Leave every image out, and print the remaining lines below exactly.

Records excerpted from a collection:
_ _ _ _ _
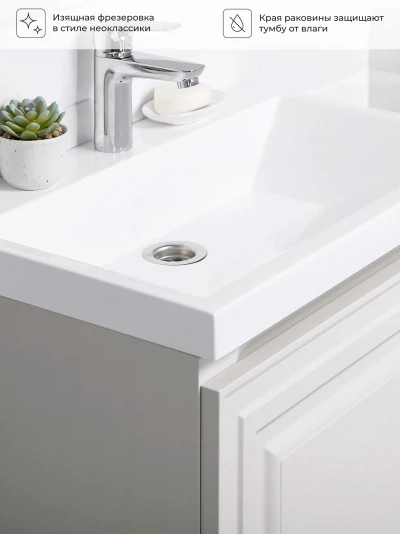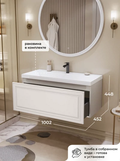Подвесная тумба с раковиной из коллекции Verona станет настоящим украшением ванной комнаты в современном скандинавском стиле. Навесной способ установки тумбы в ванную дает возможность не только визуально увеличить пространство, но и обеспечивает быстрый и удобный доступ для уборки. Размеры подвесной тумбы с раковиной 1002х452х448 - идеальный выбор для ванной комнаты или туалета. Тумба для ванны изготовлена из прочного МДФ, поэтому выдерживает высокие эксплуатационные нагрузки. Качественная фурнитура с доводчиками обеспечивает легкое открывание и плавное закрывание ящика. Вырез под сифон универсальный, для любого типа. Благодаря своей конструкции тумба в ванную обеспечивает удобный доступ к раковине и позволяет скрыть коммуникации. Тумба с раковиной в ванную оснащена удобным ящиком для хранения, что позволяет разместить всё необходимое под рукой. Ручки интегрированы в фасад дверки шкафчика, что исключает возможность случайного удара о фурнитуру. Для точного выбора подвесной тумбы с раковиной в ванную комнату рекомендуем обратиться к схеме замеров, которая находится на третьем фото в карточке товара, размеры изделия могут отличаться +/-1 см в связи со спецификой производства. Тумба для ванной доставляется в предварительно собранном виде, надежно упакована.
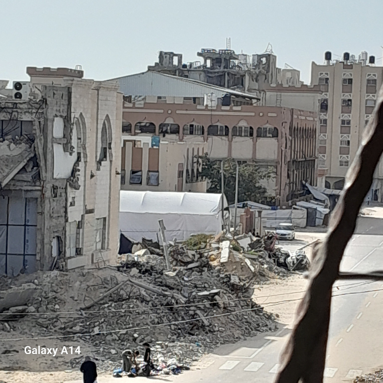 This image captures a scene of extensive urban destruction in Khan Yunis, Palestinian Territory, under a bright, clear daytime sky. The photograph is taken from a slightly elevated vantage point, look…read more
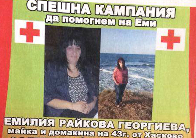 Както Haskovo.info писа, стартира спешна кампания в помощ на 43-годишната Емилия Георгиева от Хасково. Жената е с диагноза Аневризъм в мозъка. За да продължи да живее се нуждае от спешна операция, но сумата е непосилна за близките и семейството.
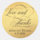 Un autocollant de remerciement très élégant pour les faveurs de mariage, la correspondance et plus encore, ce design présente une belle police de script de calligraphie avec fleuris sur un arrière - plan d'or. Modifiez avec vos noms et la date du mariage ou tout autre texte souhaité.
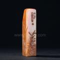 该薄意方章为工艺大师徐丹所作,章质采用上佳都成坑石,色泽亮丽,质地细腻,温润圆滑,倍有手感;作者运用薄意雕刻手法,将中国传统绘画技艺巧妙地呈现在石面上,一支桃枝延伸而出,石桃累累,熟色可餐。
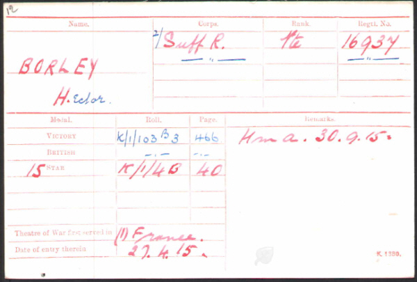 Hector Charles Borley was born in Beyton (3th qtr 1884 Stow 4a:703) son Charles and Eliza Florence BORLEY (née GAME)
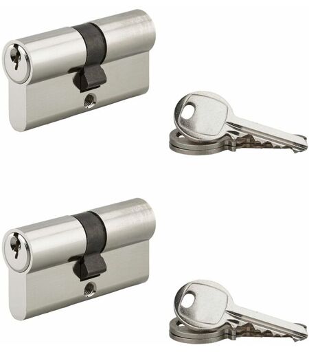 SERRURERIE DE PICARDIE Lot de 2 cylindres de serrure à double entrée, 30x30mm, s'entrouvrant, nickel, 3 clés/cylindre - SP
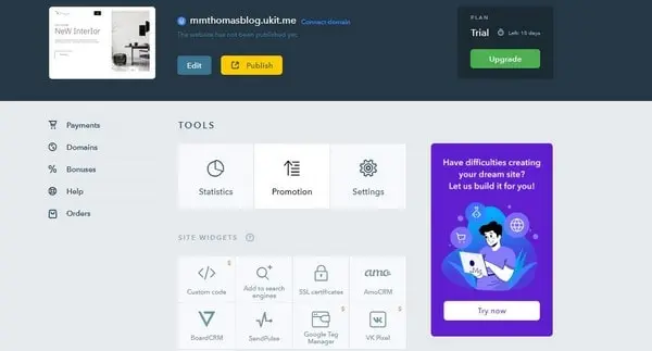 uKit offers a website-building wizard that will guide a new user throughout the process. Take your time, and don’t bypass the guide. In a few steps, you will get a clear image of how to settle a professional-looking site quickly.
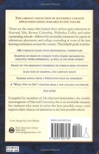 The largest collection of successful college application essays available in one volume. These are the essays that helped their authors gain admission to Harvard, Yale, Brown, Columbia, Wellesley, Colby, and other outstanding schools–followed by invaluable comments by experts in admissions, placement, and college counseling at some of the best learning institutions around the country. This helpful guide includes: 100 complete essays with professional commentary Examples of essays on common topics (family background, athletics, work experience), as well as the more offbeat Essays on the immigrant experience by foreign-born students A section of drawing and cartoon essays Insider advice from a Princeton dean of admissions A “What Not to Do” chapter from a top college counselor And more Compiled by members from The Harvard Independent, the weekly newsmagazine of Harvard University, this is an invaluable resource for students who want to write the best possible essay–and improve their chances of admission to the best possible school.
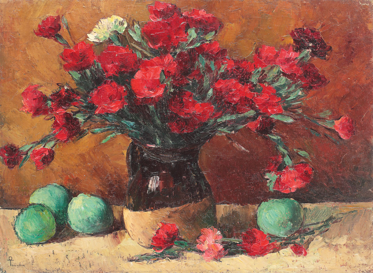69. Ulcică cu garoafe și mere verzi
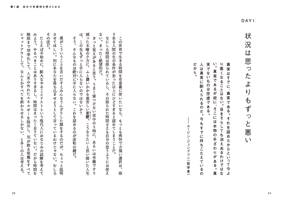 うまくやれば、解決策さえ見つければ、人生が順調に進みはじめる―そんな思いがいつも頭の隅にあった。メールの未読が溜まらない仕組みを手に入れれば、恋愛でみじめな思いをしない方法がわかれば、きっと今とは違う自分になれる。そのとき初めて、長い準備期間が終わり、本当の人生が幕を開けるのだ。
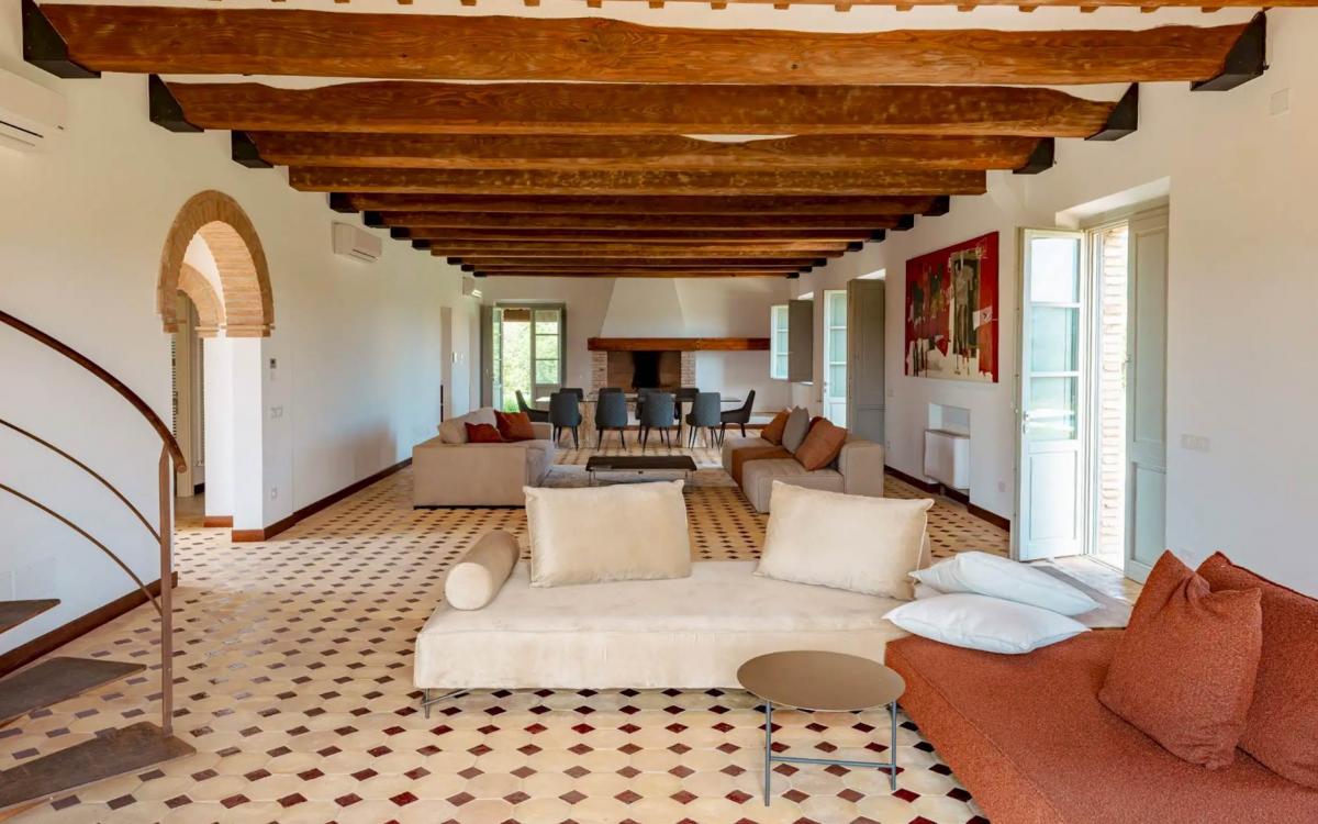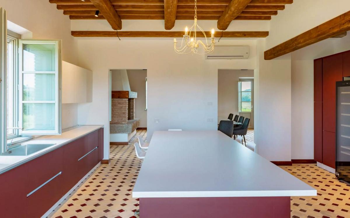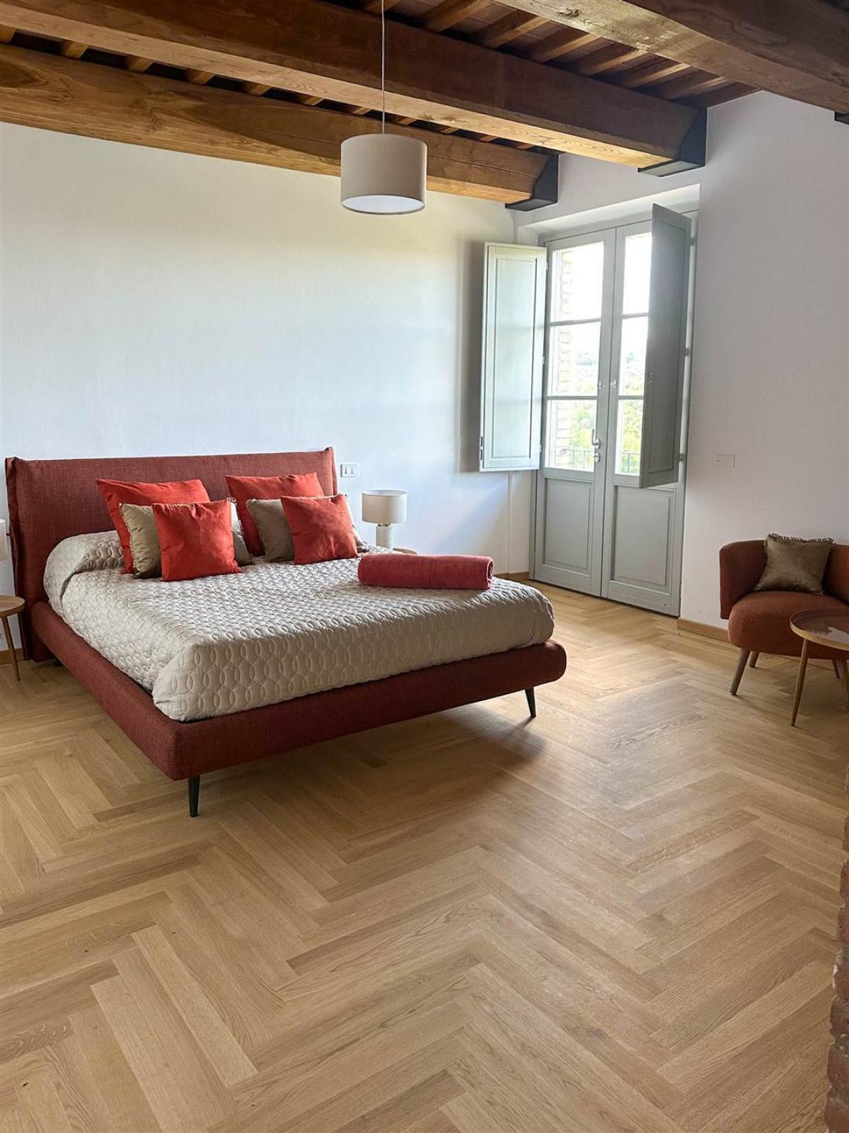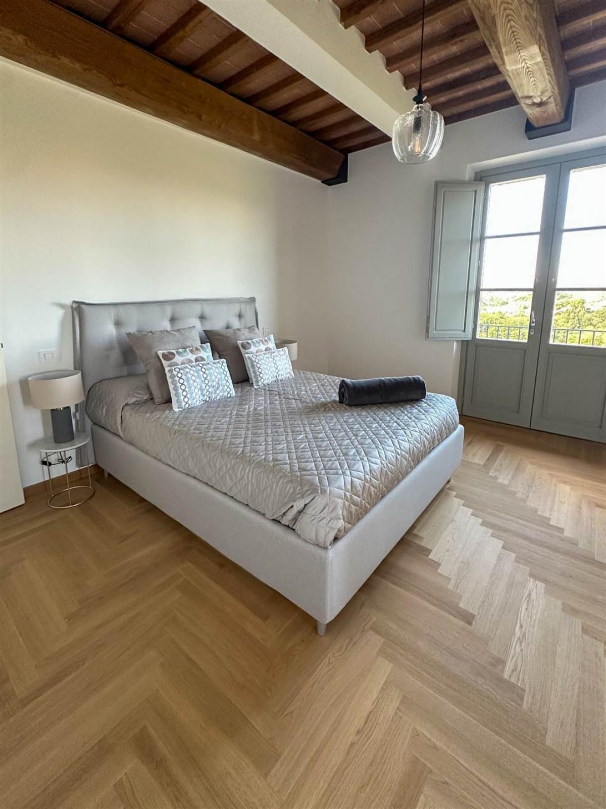 Just minutes from the medieval village of Panicale, we offer a magnificent stone farmhouse of approximately 386 sqm, recently renovated (2025) with top-tier materials. The residence spans two levels: the ground floor hosts a spacious and bright panoramic living room, featuring large windows that merge the interiors with the Umbrian landscape, a modern fully equipped kitchen with a central island, and two elegant guest bathrooms. The first floor houses the sleeping area, consisting of four double bedrooms, each featuring an en-suite bathroom with an exclusive design, and a functional laundry room. Finishes include premium flooring on the ground floor and elegant parquet in the sleeping area, with ceilings restored to preserve their original character with exposed beams. The property is equipped with a heat pump, air conditioning, and double-glazed windows with mosquito nets.
_ _ _ _ _
• _RESULT OF THE EXERCISE_:
Подвесная тумба с раковиной из коллекции Verona станет настоящим украшением ванной комнаты в современном скандинавском стиле. Навесной способ установки тумбы в ванную дает возможность не только визуально увеличить пространство, но и обеспечивает быстрый и удобный доступ для уборки. Размеры подвесной тумбы с раковиной 1002х452х448 - идеальный выбор для ванной комнаты или туалета. Тумба для ванны изготовлена из прочного МДФ, поэтому выдерживает высокие эксплуатационные нагрузки. Качественная фурнитура с доводчиками обеспечивает легкое открывание и плавное закрывание ящика. Вырез под сифон универсальный, для любого типа. Благодаря своей конструкции тумба в ванную обеспечивает удобный доступ к раковине и позволяет скрыть коммуникации. Тумба с раковиной в ванную оснащена удобным ящиком для хранения, что позволяет разместить всё необходимое под рукой. Ручки интегрированы в фасад дверки шкафчика, что исключает возможность случайного удара о фурнитуру. Для точного выбора подвесной тумбы с раковиной в ванную комнату рекомендуем обратиться к схеме замеров, которая находится на третьем фото в карточке товара, размеры изделия могут отличаться +/-1 см в связи со спецификой производства. Тумба для ванной доставляется в предварительно собранном виде, надежно упакована.
 This image captures a scene of extensive urban destruction in Khan Yunis, Palestinian Territory, under a bright, clear daytime sky. The photograph is taken from a slightly elevated vantage point, look…read more
 Както Haskovo.info писа, стартира спешна кампания в помощ на 43-годишната Емилия Георгиева от Хасково. Жената е с диагноза Аневризъм в мозъка. За да продължи да живее се нуждае от спешна операция, но сумата е непосилна за близките и семейството.
 Un autocollant de remerciement très élégant pour les faveurs de mariage, la correspondance et plus encore, ce design présente une belle police de script de calligraphie avec fleuris sur un arrière - plan d'or. Modifiez avec vos noms et la date du mariage ou tout autre texte souhaité.
 该薄意方章为工艺大师徐丹所作,章质采用上佳都成坑石,色泽亮丽,质地细腻,温润圆滑,倍有手感;作者运用薄意雕刻手法,将中国传统绘画技艺巧妙地呈现在石面上,一支桃枝延伸而出,石桃累累,熟色可餐。
 Hector Charles Borley was born in Beyton (3th qtr 1884 Stow 4a:703) son Charles and Eliza Florence BORLEY (née GAME)
 SERRURERIE DE PICARDIE Lot de 2 cylindres de serrure à double entrée, 30x30mm, s'entrouvrant, nickel, 3 clés/cylindre - SP
 uKit offers a website-building wizard that will guide a new user throughout the process. Take your time, and don’t bypass the guide. In a few steps, you will get a clear image of how to settle a professional-looking site quickly.
 The largest collection of successful college application essays available in one volume. These are the essays that helped their authors gain admission to Harvard, Yale, Brown, Columbia, Wellesley, Colby, and other outstanding schools–followed by invaluable comments by experts in admissions, placement, and college counseling at some of the best learning institutions around the country. This helpful guide includes: 100 complete essays with professional commentary Examples of essays on common topics (family background, athletics, work experience), as well as the more offbeat Essays on the immigrant experience by foreign-born students A section of drawing and cartoon essays Insider advice from a Princeton dean of admissions A “What Not to Do” chapter from a top college counselor And more Compiled by members from The Harvard Independent, the weekly newsmagazine of Harvard University, this is an invaluable resource for students who want to write the best possible essay–and improve their chances of admission to the best possible school.
69. Ulcică cu garoafe și mere verzi
 うまくやれば、解決策さえ見つければ、人生が順調に進みはじめる―そんな思いがいつも頭の隅にあった。メールの未読が溜まらない仕組みを手に入れれば、恋愛でみじめな思いをしない方法がわかれば、きっと今とは違う自分になれる。そのとき初めて、長い準備期間が終わり、本当の人生が幕を開けるのだ。
 Just minutes from the medieval village of Panicale, we offer a magnificent stone farmhouse of approximately 386 sqm, recently renovated (2025) with top-tier materials. The residence spans two levels: the ground floor hosts a spacious and bright panoramic living room, featuring large windows that merge the interiors with the Umbrian landscape, a modern fully equipped kitchen with a central island, and two elegant guest bathrooms. The first floor houses the sleeping area, consisting of four double bedrooms, each featuring an en-suite bathroom with an exclusive design, and a functional laundry room. Finishes include premium flooring on the ground floor and elegant parquet in the sleeping area, with ceilings restored to preserve their original character with exposed beams. The property is equipped with a heat pump, air conditioning, and double-glazed windows with mosquito nets.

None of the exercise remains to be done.